Шпрехт думает: 'Ексель-моксель... А если б я тогда не заболел? Как бы я жил без нее?'
В конце апреля сорок первого молодой горный инженер Шпеков, едва приступив к работе по назначению, загремел в больницу с прободной язвой. Сейчас уже и не упомнишь, что там у него резали и шили. Главным было состояние детского сиротства. Никто к нему не приходил - не успели узнать, никто не жалел - не успели привыкнуть, легко было умереть в состоянии полной отчужденности от людей, что он и делал несколько раз в тот май, который предшествовал тому июню. Он лежал, отделенный белой простыней, возле почему-то зарешеченного окна, он думал: старая мать вряд ли сумеет приехать из Тюменской области, чтобы его похоронить, и даже радовался этому, что у нее не будет этих хлопот с гробом и чтоб зарыть. Начальник участка, куда получил назначение Шпеков, уже взял на работу другого, потому что хирург больницы сказал: 'Не... Не жилец... Ему жить нечем... То, что я ему оставил, тоже с гнильцой... Траченый весь изнутри... Будто клеваный...'
Вот его и загородили простыней, чтоб окончание жизни шло для других незаметно. Больные ведь не любят умирающих, смерть их может неправильно сориентировать.
Но замечено: долго умирающие люди, как правило, выживают. Шпрехт умирал до самого начала войны, до момента, когда пришел приказ больницу переориентировать в госпиталь и больных срочно стали выписывать.
Шпрехт завис в воздухе. У него никого не было.

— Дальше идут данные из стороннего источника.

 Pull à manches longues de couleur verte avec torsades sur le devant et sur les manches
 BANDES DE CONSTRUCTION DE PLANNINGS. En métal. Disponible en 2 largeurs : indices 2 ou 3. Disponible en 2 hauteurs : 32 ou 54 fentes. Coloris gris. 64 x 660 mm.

Шахтная машинистка Варя проходила мимо. Проходила мимо хирургии, из которой выходили, как могли, всякие разные перевязанные, в лубках, в гипсе, а руководила процессом выкиданса знакомая Варина гинекологша, которая не раз и не два чистила Варю, потому что Варя была женщина свободная, разведенная и ее маленький рост в то время был моден и считался красивым. Варя просто обхохатывалась над женщинами высокими и с длинными ногами, считая это уродством.
Гинекологша сказала Варе:
- У меня мужик бесхозный. Высшее образование... Для тебя скажу: членистый... Может, даже и выживет, раз до сих пор не умер... А главное, Варвара, на фронт не гож абсолютно. Наши сестры уже стали кумекать... А я тебе говорю по дружбе - бери, пока они не расчухали преимущества язвенника перед здоровым желудком.